By Zairil Khir Johari | The Malaysian Insider
SEPT 4 — I was a little apprehensive as I entered the small tutorial room. It was my first day attending class in England.
In the centre of the unassuming room was an oblong table, around which sat eight post-graduate students of various nationalities. I flashed a timid smile before taking my place amongst them.
At the far end of the table, a heavyset man in a worn tweed jacket and polka dotted bowtie cleared his throat. Pushing the thickest glasses I have ever seen up the bridge of his nose, he made a gesture to indicate that the tutorial was about to start.
“I assume you’ve all familiarised yourselves with the required readings for the week?” asked our tutor rhetorically, after early pleasantries and introductions had been done and dealt with. “Now then, let’s start with you.”
It took me a few seconds to realise that he was referring to me. “Er, yes?” I stammered in response.
“Go on. Tell us what you think about it.”
After spending my entire schooling years in the Malaysian national education system, and after having earned a Bachelor’s degree in a Malaysian university, I was faced with a grossly unfamiliar situation. For the first time, I was asked for an opinion rather than have one written down on the whiteboard for me to copy.
Two memories stand out from my first day at SOAS. First, I had been suddenly thrust into an entirely new concept of study, where opinions mattered, where questioning everything was encouraged and where you were marked according to how you argued a point, no matter how far-fetched it was, and where the notion of “correctness” did not exist.
The second memory that I can never forget is my introduction to a cardinal maxim that has stuck in my mind to this very day. To paraphrase the German philosopher Friedrich Nietzsche: “There are no facts, only interpretations.”
Suddenly, I was blown away. Every belief I had about everything I knew was totally and completely changed. History as taught to me by our KBSM syllabus was now nothing more than the opinion of those who wrote it. And as with every other opinion in the world, it was my choice to accept it or not.
My mind had been liberated. From that day on, everything I read or learnt would be tempered with a critical assessment of the source. I began to yearn for alternative interpretations in my hunger for choice. The world was a buffet and I had been fasting for years.

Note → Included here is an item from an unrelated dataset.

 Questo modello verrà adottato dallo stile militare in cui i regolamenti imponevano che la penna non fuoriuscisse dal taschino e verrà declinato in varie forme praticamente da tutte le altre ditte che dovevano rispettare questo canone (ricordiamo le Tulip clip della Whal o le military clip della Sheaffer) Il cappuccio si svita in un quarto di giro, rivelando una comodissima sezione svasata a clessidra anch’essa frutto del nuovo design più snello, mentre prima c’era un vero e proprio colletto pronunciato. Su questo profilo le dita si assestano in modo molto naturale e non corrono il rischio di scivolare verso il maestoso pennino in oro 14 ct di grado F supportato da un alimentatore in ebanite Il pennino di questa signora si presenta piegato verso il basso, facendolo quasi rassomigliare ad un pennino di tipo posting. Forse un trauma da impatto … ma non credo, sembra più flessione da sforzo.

And so it is in such a spirit that I approach the recent uproar surrounding Mat Sabu’s purported remarks about the Bukit Kepong tragedy. Of course, reports by the Malaysian mainstream media are necessarily suspect and have to be digested with a bagful of salt.
That said, I am convinced that there was neither any disparagement of the police nor glorification of the communist aggressors in the PAS deputy president’s speech. Any contention to the contrary is merely exaggerated spin-doctoring.

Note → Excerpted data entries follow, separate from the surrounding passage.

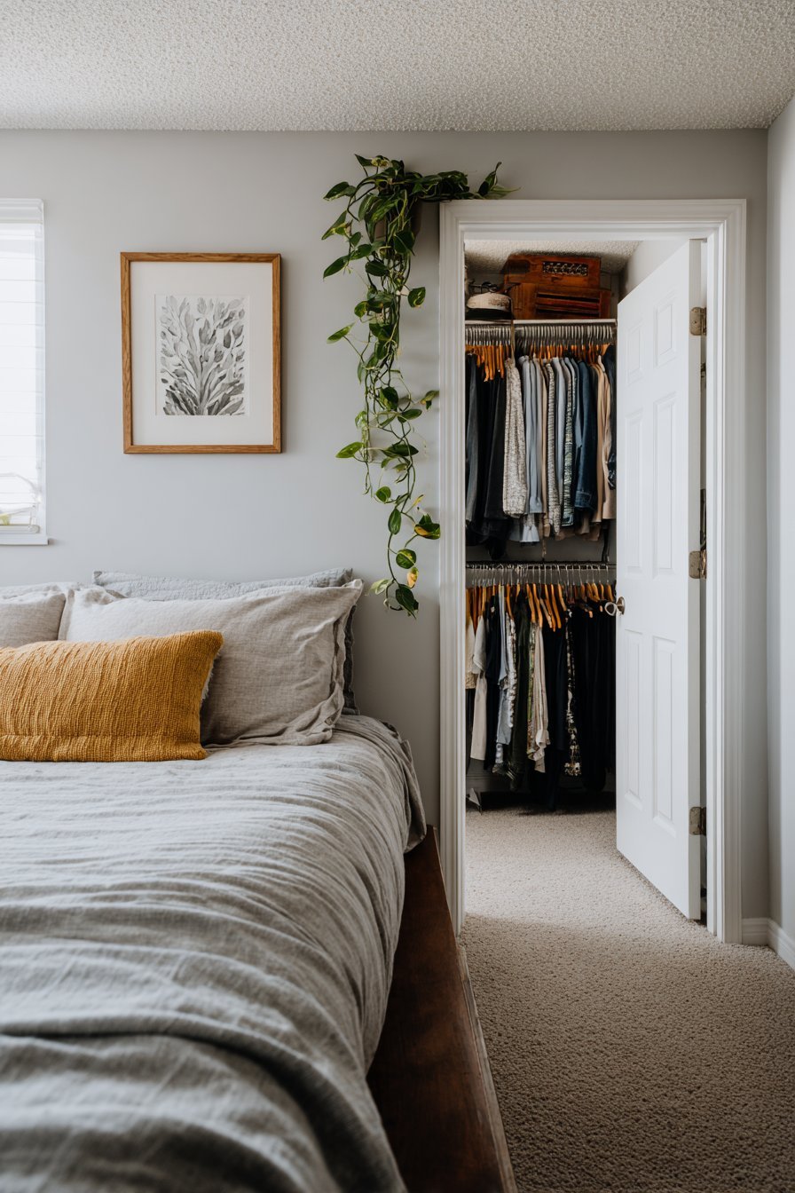 - Mount hooks inside closet doors for bags, scarves, and jewelry
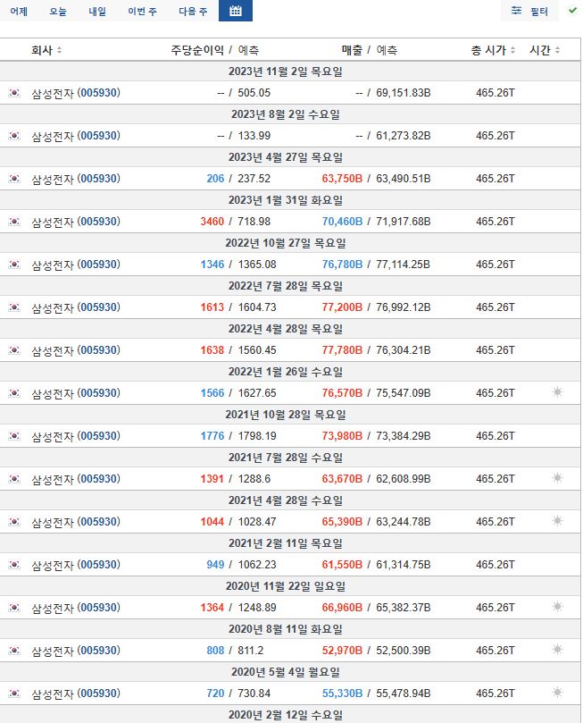 그러면 해당일정에 있는 모든 기업의 예상 발표날짜가 뜬다.
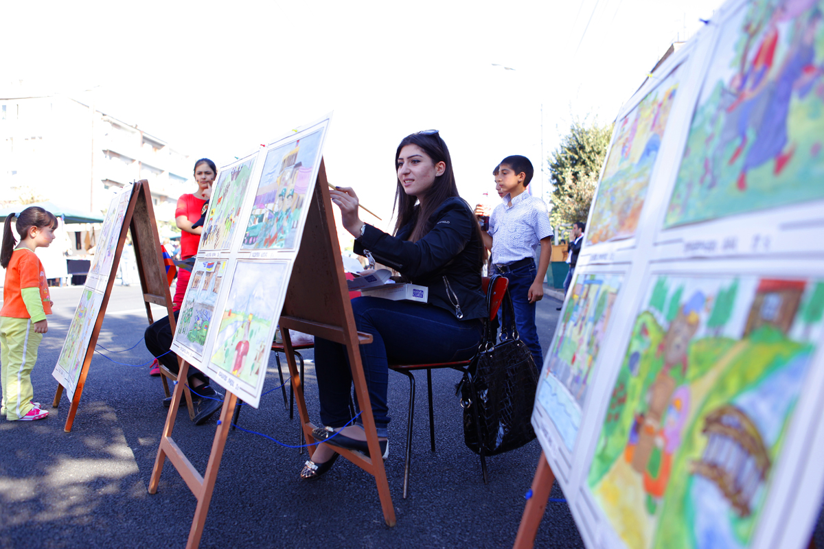 Փողոցի երկայնքով՝ 70 գույնզգույն տաղավարներում բազմազան տոնավաճառ էր. Երևանում գործող արվեստի քոլեջների, դպրոցների, ինչպես նաև արհեստագործական ուսումնական հաստատությունների սաների ձեռագործ աշխատանքներն էին ցուցադրվում. տոնակատարությանը մասնակից քաղաքացիները դրանք գնելու հնարավորություն էլ ունեին։ Պատանի ստեղծագործողները, ասում են, ուրախությամբ են ընդունել տոնակատարությանը մասնակցելու առաջարկը, քանի որ, նրանց խոսքով, իրենք այդպիսով մեկտեղում են տոնին մասնակցելու և իրենց ստեղծագործությունները ցուցադրելու հանրավորությունները։ Ավագ սերնդի ներկայացուցիչ մասնակիցները, հիշելով առաջին Էրեբունի Երևան տոնակատարությունները նշել են, որ այսօր իրենք մասնակցում են մի նորօրյա տոնի, որ, վերափոխվելով հանդերձ, պահպանել է տասնամյակների ոգին և գնալով ավելի սիրված ու մասսայական է դառնում։
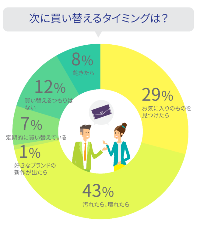 「汚れたら、壊れたら」が43%で最も多く、次いで、「お気に入りのものを見つけたら」が29%、「買い替えるつもりはない」が12%という結果に。
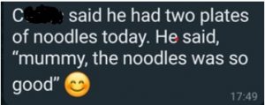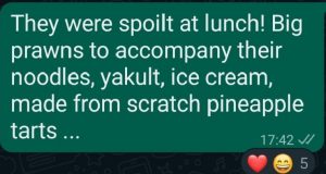 Lunch was a hearty homecooked meal of vegetarian fried bee hoon (rice vermicelli), vegetable fritters, spring rolls and prawns. And to top off their Children’s Day celebrations – Ice Cream and Yakult.

More significantly, the Mat Sabu incident has brought to question the wisdom of accepting history as fact, without considering who the authors are and what their motivations may be. This is something we must never forget when we contemplate any kind of information.
Like a movie on terrestrial TV, much of our country’s official history has been censored for general viewing. It is shaped and presented in such a way as to trumpet the contributions of selected personalities while conveniently snipping out or downplaying the roles of those deemed counter-productive to the political agenda of those in power.

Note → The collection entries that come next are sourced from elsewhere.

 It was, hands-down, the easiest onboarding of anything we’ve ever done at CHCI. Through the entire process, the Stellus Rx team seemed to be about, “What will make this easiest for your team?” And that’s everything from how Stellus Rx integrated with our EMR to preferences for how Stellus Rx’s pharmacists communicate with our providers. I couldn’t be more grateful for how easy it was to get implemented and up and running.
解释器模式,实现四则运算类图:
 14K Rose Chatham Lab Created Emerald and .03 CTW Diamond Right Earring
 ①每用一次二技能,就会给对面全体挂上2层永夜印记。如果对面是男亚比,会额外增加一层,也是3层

From the gradual contraction of Yap Ah Loy’s role in the development of Kuala Lumpur to the pitiful passing mention of the ancient Hindu civilisation in Bujang Valley — a historical treasure in any other country — Malaysians are slowly but surely fed a doctrine of half-truths and value judgements passed by politically-motivated authors.
And then we have the vilification of the leftist movement, nullifying decades of political and nationalist activism. By this I am talking about anti-Colonial movements such as SABERKAS (officially “Syarikat Berkerjasama Am Saiburi” and secretly “Sayang Akan Bangsa Ertinya Redha Korban Apa Segala”), of which my late father was the founding secretary; Ibrahim Yaacob’s Kesatuan Melayu Muda (KMM); Dr Burhanuddin al-Helmy’s Parti Kebangsaan Melayu Malaya (PKMM), and of course the little-known PUTERA-AMCJA, our country’s first multiracial coalition.
The coalition had even gone to the lengths of preparing an alternative set of Constitutional proposals in opposition to the Malayan Union. As a result, the “People’s Constitution” was adopted and presented in 1947, a good 10 years before Merdeka.
The ground-breaking document had proposed, inter alia, equal citizenship rights, protection of Malay customs and religion, as well as the adoption of the moniker “Melayu” as the designation for all citizens of Malaya.
Of course, studying and appreciating the above will by no means displace the contributions of other parties and movements such as Umno and the Alliance. Historiography is not a zero-sum game. There is room for more than one interpretation, more than one point of view and certainly more than a few heroes.
The key to opening our minds is to first remove our blinders. Thus, whenever presented with history that appears to be his-story, it is probably best that we ask ourselves: exactly whose story is this?